- Parkash Singh Badal Chief Minister of Punjab
- Date established: 16 March 2012
- Date dissolved: 16 March 2017

Leadership and composition
- Head of government: Parkash Singh Badal
- No. of ministers: 17
- Member parties: SAD BJP
- Status in legislature: Coalition government
- Opposition party: Indian National Congress

Formation and history
- Election: 2012
- Outgoing election: 2017
- Legislature term: 5 years
- Predecessor: Fourth Badal ministry
- Successor: Second Amarinder Singh ministry

= Fifth Badal ministry =

Government of Punjab, India from 2012 to 2017

The Fifth Badal ministry was the Council of Ministers headed by Parkash Singh Badal in the state of Punjab, India. It was formed after the victory of the alliance between the Shiromani Akali Dal and the Bharatiya Janata Party in the 2012 Punjab Legislative Assembly election. Parkash Singh Badal was sworn in as the Chief Minister of Punjab on 16 March 2012.

The ministry consisted of members from the Shiromani Akali Dal and the Bharatiya Janata Party. Sukhbir Singh Badal served as Deputy Chief Minister during the tenure of the government.

The ministry remained in office until the defeat of the SAD–BJP alliance in the 2017 Punjab Legislative Assembly election, after which the Second Amarinder Singh ministry assumed office.

==Tenure==

The Fifth Badal ministry came to power after the SAD–BJP alliance won the 2012 Punjab Legislative Assembly election. Parkash Singh Badal became Chief Minister of Punjab for his fifth term.

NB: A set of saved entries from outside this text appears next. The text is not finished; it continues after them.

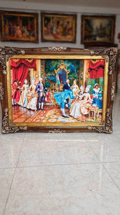 تابلو فرش ماشینی طرح دستبوس ابعاد با قاب چوبی ۱۲۰*۹۰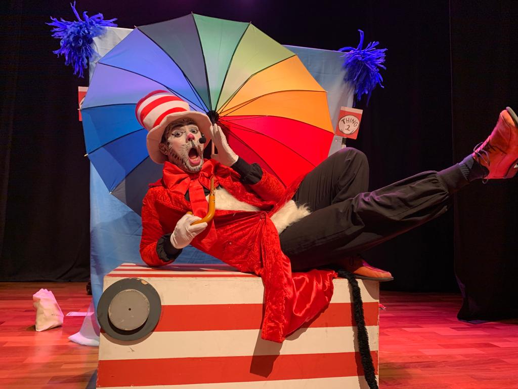 Sinopse: Com uma cartola vermelha e branca, o Gato com seu jeito engraçado irá contar uma história hilária em inglês de dois irmãos muito diferentes que vão enfrentar a volta às aulas. Com muita música, cor e alto astral, o Gato irá mostrar a todos que estar na escola é fundamental e fará disso a melhor parte do dia. Inspirado no livro “The Cat in the Hat”, de Dr.Seuss, o espetáculo é um jogo musicado, destacando a responsabilidade infantil diante do mundo, sem nunca deixar a brincadeira de lado.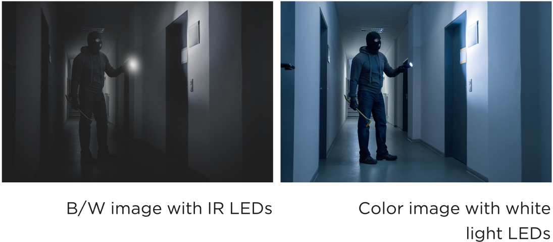 Create deterrence and provide crystal-clear images in color without the need for external illumination or the potential loss of color and detail from B/W images.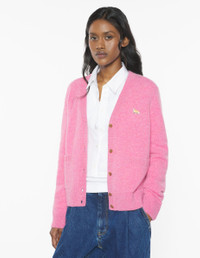 DETAILS Lambswool cardigan. Boxy fit with Baby Fox embroidered patch. - Plain lambswool cardigan - Boxy fit - V-neck - Maison Kitsune engraved button closure - Long sleeves - Two front patch pockets - Ribbing at the neckline, cuffs and hem - Soft & hypoallergenic knit - Baby Fox embrooidered patch on the chest PW00501KT1006-0327 SIZE & CUT Cut: BOXY Sizing: WOMEN The female model is 5.7 and is wearing size S MATERIAL 100% WOOL TRACEABILITY Made in Morocco
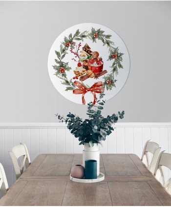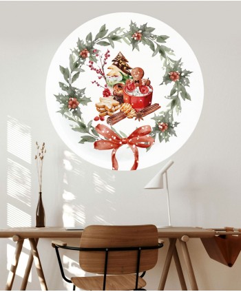 Nowa wyjątkowa, limitowana kolekcja świątecznych naklejek samoprzylepnych na ścianę, w kształcie koła o średnicy 100 cm. Świąteczny wianek - bajeczna, ilustrowana kompozycja otoczona jemiołą, w której centrum znajdują się świąteczne słodkości: piernikowy ludzik, cynamon i gorące kakao. . Podana cena jest za naklejkę o średnicy 100 cm.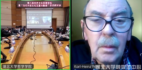 12月10日,第八届世界文化发展论坛暨“当代中西文化互鉴与融通”学术研讨会在公司举行。湖北省委宣传部副部长刘爱国,william威廉中文官网党委常委、副董事长钱建国,william威廉中文官网人文社会科学资深教授彭富春、江畅出席开幕式。德国汉学家顾彬教授(Wolfgang Kubin)、卜松山教授(Karl-Heinz Pohl),法国汉学家侯绿曦教授(Lucie Rault)、澳大利亚学者帕顿教授(Paul Patton)、华中科技大学邓晓芒教授、山西大学江怡教授、武汉大学朱志方教授等国内外知名学者通过线上线下的形式出席会议并进行主题发言。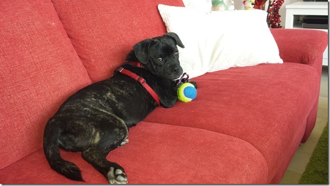 Nur meine Mitbewohnerin die Katze Rosa ist noch nicht so ganz überzeugt von mir, denn ich will sie immer zu bespielen. Aber ok, wenn Frauchen dann was sagt, bin ich schnell wieder brav und setz meinen Mädchenblick auf.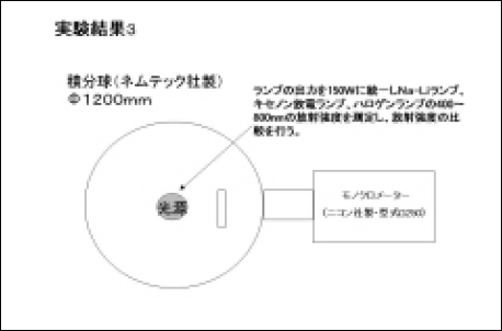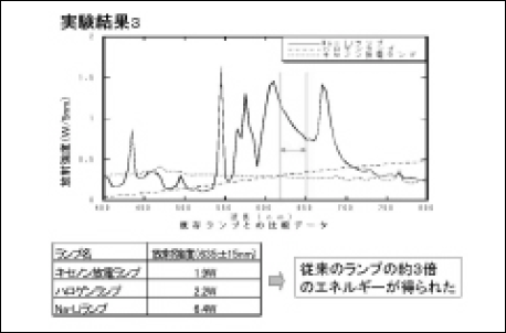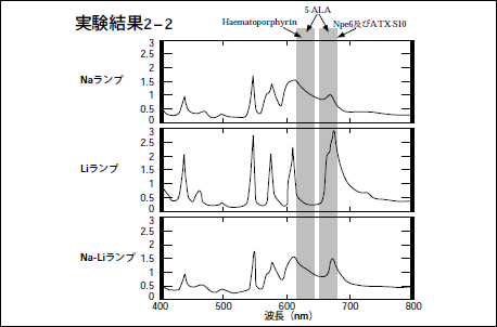 【方法】種々の金属ハロゲン化物を封入したメタルハライドランプ(Na、Li、K、RbおよびNa-Liランプ)を作製し、放射スペクトルを測定した。さらに、これらのランプと、キセノン放電ランプおよびハロゲンランプ(いずれも150W)との照射スペクトルを比較した。また、in vitroにおけるEL-4に対するPDT効果の確認を行った。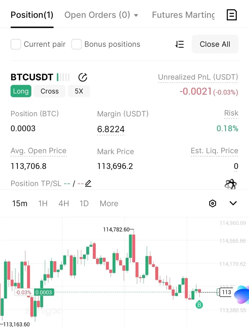 현재 113,700 부근은 이전 저항 → 지지 전환 구간 테스트 중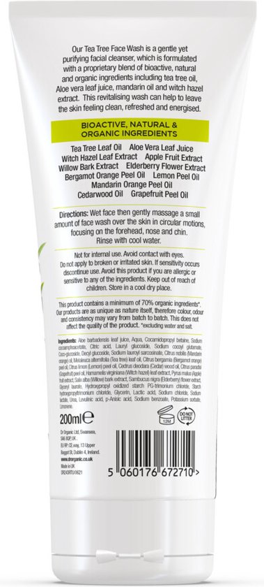 Onze Tea Tree Face Wash is een zachte maar zuiverende gezichtsreiniger, die is samengesteld met een gepatenteerde mix van bioactieve, natuurlijke en biologische ingredinten, waaronder theeboomolie, Alo vera-bladsap, mandarijnolie en toverhazelaarextract. Deze revitaliserende wasbeurt kan helpen om laat de huid schoon, verfrist en energiek aanvoelen. Geschikt voor vegetarirs.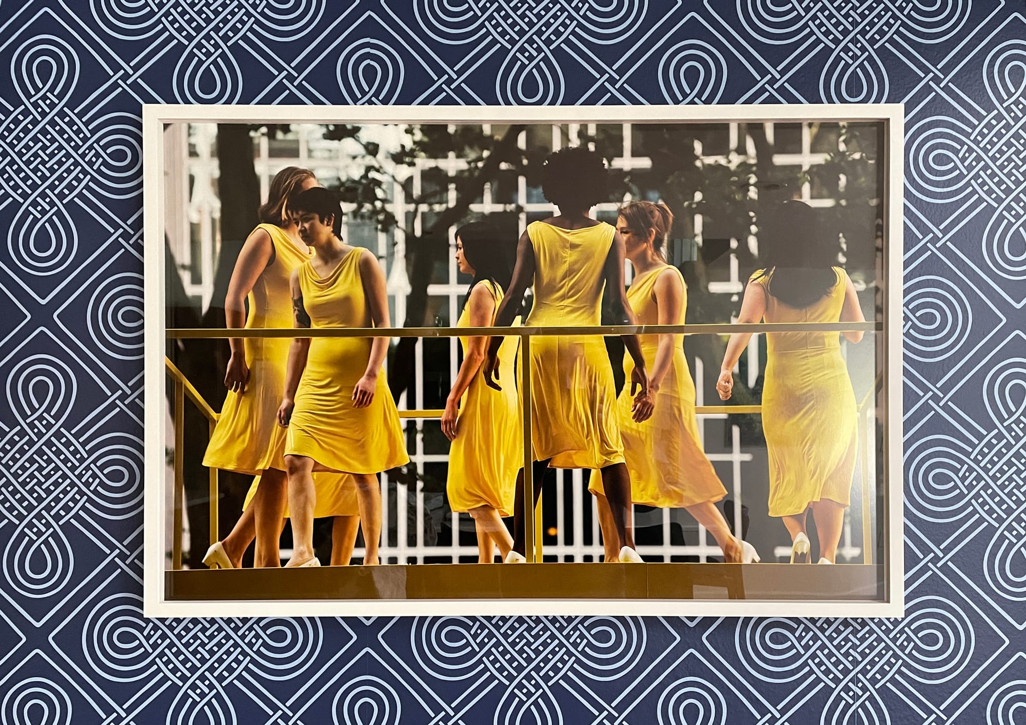 Kate and I went to grad school together at School of Visual Arts. She is a close friend and one of my favorite artists. I acquired the photograph when we traded works a number of years ago. The image is a still from her performance piece “Walk the Walk,” which took place at Bryant Park in New York in 2010. The performance was staged daily, during the work week from 8:30 am to 6:00 pm. The photo depicts seven women in matching bright yellow dresses and beige shoes. During those “business hours,” the women walked, stomped and shuffled around the roof of a pavilion that was the same yellow as their dresses. They represent the traditional office worker engaged in the drudgery and grind of the workday. It’s an empowering piece that requires stamina, strength, persistence, and perseverance.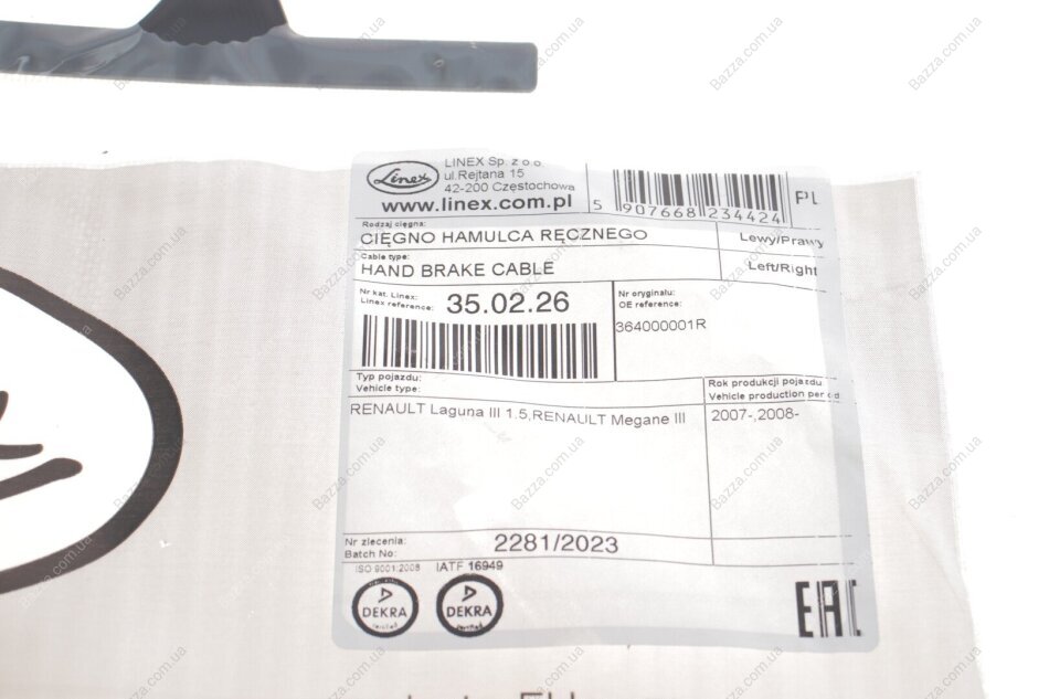 Трос ручника Linex 350226
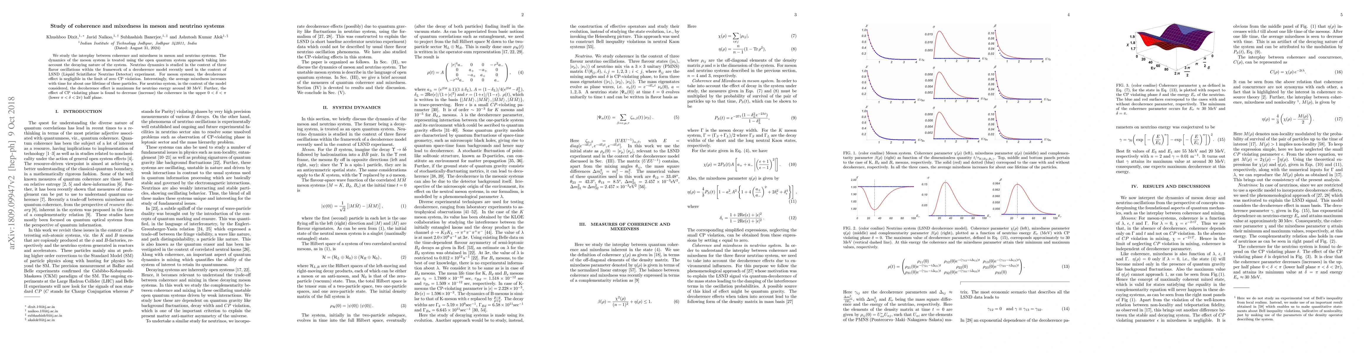 This study investigates the interplay between coherence and mixedness in meson and neutrino systems, employing open quantum system dynamics for mesons and a decoherence model for neutrino oscillations. The research finds that meson mixedness increases with time, while neutrino coherence is most affected at 30 MeV energy, with CP violation phases influencing coherence differently in distinct angular regions.

The government continued the coalition arrangement between the Shiromani Akali Dal and the Bharatiya Janata Party. Sukhbir Singh Badal served as Deputy Chief Minister and held several important portfolios during the tenure of the ministry.

The ministry remained in office until 16 March 2017, when the Second Amarinder Singh ministry was formed following the 2017 Punjab Legislative Assembly election.

==Council of Ministers==

| S.No | Name | Constituency | Department | Party |  |
| 1. | Parkash Singh Badal Chief Minister of Punjab |  | Personnel; General Administration; Power; Cooperation; Science, Technology and Environment; Vigilance; Employment Generation; Other departments not allocated to any Minister; | SAD |  |
Deputy Chief Minister
| 2. | Sukhbir Singh Badal Deputy Chief Minister |  | Home Affairs and Justice; Governance Reforms; Excise and Taxation; Welfare; Civil Aviation; Housing and Urban Development; Investment Promotion; Sports and Youth Services; | SAD |  |
| 3. | Bikram Singh Majithia |  | Revenue; | SAD |  |
| 4. | Parminder Singh Dhindsa |  | Finance; | SAD |  |
| 5. | Bhagat Chunni Lal |  | Local Government; Health; | BJP |  |
| 6. | Madan Mohan Mittal |  | Parliamentary Affairs; | BJP |  |
| 7. | Surjit Kumar |  | Forest and Wildlife; | BJP |  |
| 8. | Sikander Singh Maluka |  | Higher Education and Languages; School Education; | SAD |  |
| 9. | Daljit Singh Cheema |  | Education; | SAD |  |
| 10. | Sarwan Singh Phillaur |  | Tourism; | SAD |  |
| 11. | Adesh Partap Singh Kairon |  | Information Technology; Taxation; | SAD |  |
| 12. | Ajit Singh Kohar |  | Transport; | SAD |  |
| 13. | Gulzar Singh Ranike |  | Dairy; | SAD |  |
| 14. | Tota Singh |  | Agriculture; | SAD |  |
| 15. | Jagir Kaur |  | Social Welfare; Development of Women and Children Welfare; | SAD |  |
| 16. | Surjit Singh Rakhra |  | Water Supply; | SAD |  |
| 17. | Sharanjit Singh Dhillon |  | Irrigation; | SAD |  |

==Major decisions==

===Coalition government===

The Fifth Badal ministry continued the coalition government of the Shiromani Akali Dal and the Bharatiya Janata Party after winning the 2012 Punjab Legislative Assembly election.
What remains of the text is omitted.